Improving Brain Tumor Detection Accuracy in MRI Using Intelligent Preprocessing and U-Net Segmentation

Dr. Rajshree

Abstract: Accurate detection and segmentation of brain tumors from Magnetic Resonance Imaging (MRI) are essential for early diagnosis and effective treatment planning. However, MRI images are often affected by noise, low contrast, and intensity inhomogeneity, which degrade the performance of automated detection systems.
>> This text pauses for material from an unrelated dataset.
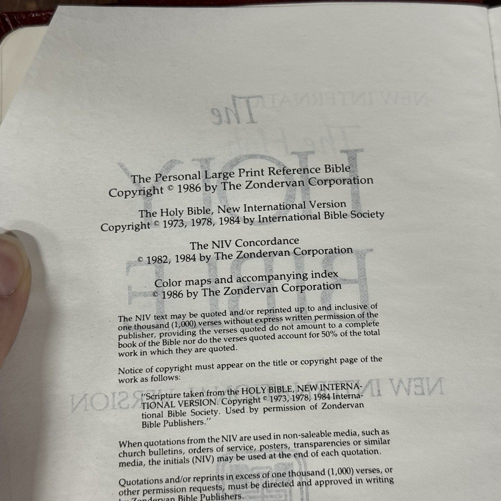 NIV Large Print Reference Bible 1986 Burgundy Imitation Leather And Extra In loved condition (see photos) Bible my utmost for his highest book Case...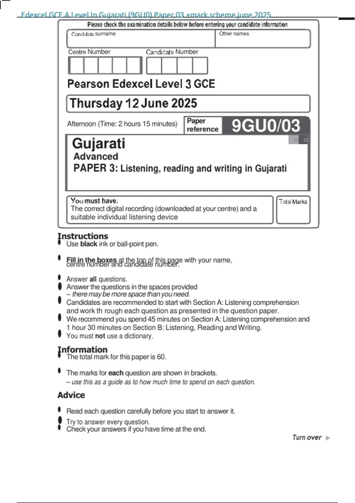 Edexcel GCE A Level In Gujarati Paper 03

This paper proposes a comprehensive framework that improves brain tumor detection accuracy using intelligent preprocessing techniques combined with U-Net-based segmentation. The preprocessing stage includes advanced noise reduction, skull stripping, intensity normalization, and contrast enhancement to improve image quality before deep learning analysis. A U-Net architecture is employed for precise tumor segmentation due to its ability to preserve spatial features through encoder-decoder pathways and skip connections. Experimental evaluation on benchmark MRI datasets demonstrates that the proposed approach significantly enhances segmentation accuracy and overall detection performance compared to models without intelligent preprocessing.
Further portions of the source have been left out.